He's totally hot and awesome. And he's a Democrat
Good, so he won't mind when you kill the baby.
I was sitting behind this girl in class and she logged out of her facebook, hacked into her boyfriends, and then proceeded to check his inbox. This is why I'm single.
i have a "get your shit together" dinner with my parents tonight. After that ill be down to party
Houston, we have a problem
where are u?
Houston. That's the problem. I don't know how I got here.

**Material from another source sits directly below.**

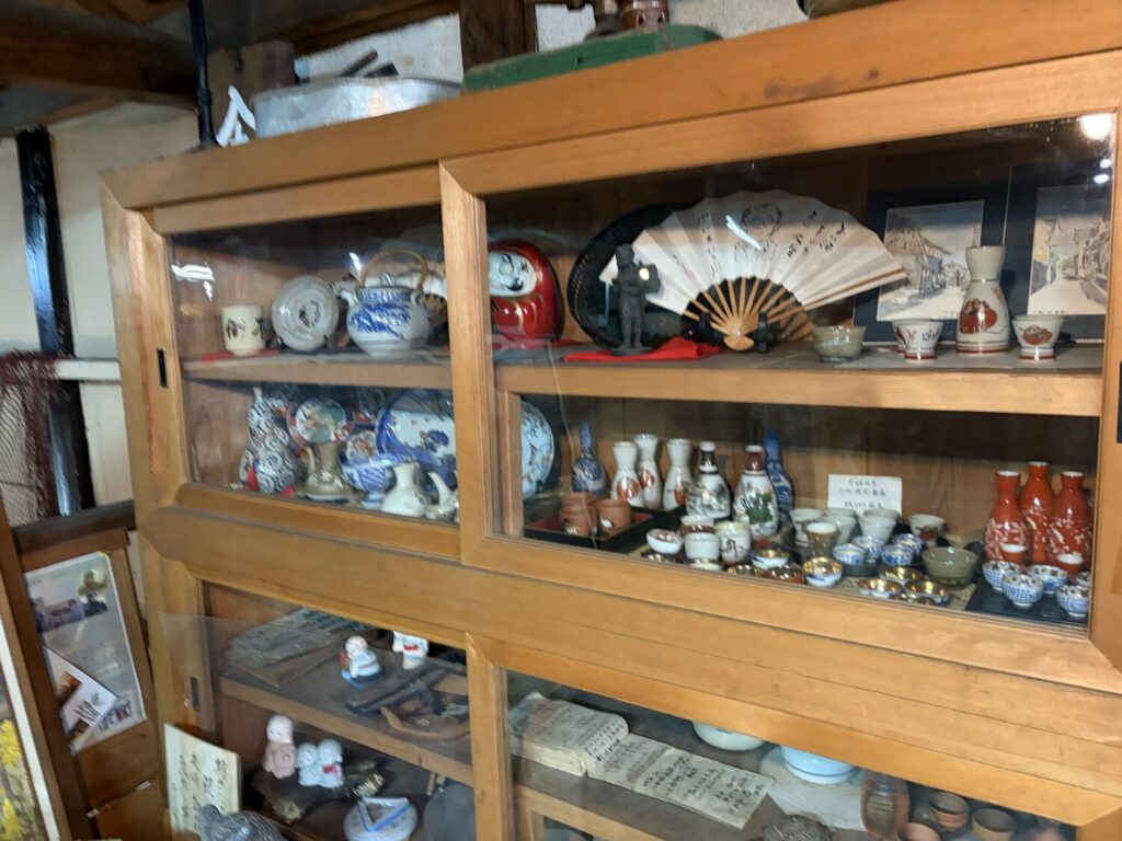 こちらにあるのは酒器。だるまや扇子などもあって、まるでおばあちゃんの家のような雰囲気があります。

you made me have a moment of silence for the half of a sub sandwich that you dropped on the floor earlier
We're playing a drinking game to 'how to train your dragon'. has it really come to this?
Saw my boss's vagina at that party. Hung over at work has never been more acceptable
There is is 40 year old penis staring me in the face right now if there was ever a time to be a good friend its right now.
I had an epiphany. If a dude dressed up as Batman to ask me out, I'd prolly marry him.
Where was Alyssa when you were sniffing the bouncer?
Passed out on some guy who looked like someone from Duck Dynasty.
just woke up on the floor of my shower...it was still runnning
A hefty woman and I mean hefty shoved her number in my pocket at the gym without as much as a hello, winked and kept walking. Going to use your bed to defile her, don't want her to know where I live or have my neighbors see! Thanks, you're a pal!
I just remembered that the guy I slept with last night has "USDA PRIME" tattooed on his ass
You’re sleeping on my couch so you’re not making dick appointments tonight
Remembering you have vodka in the freezer gives the same surge of happiness as finding 20 bucks in a coat pocket.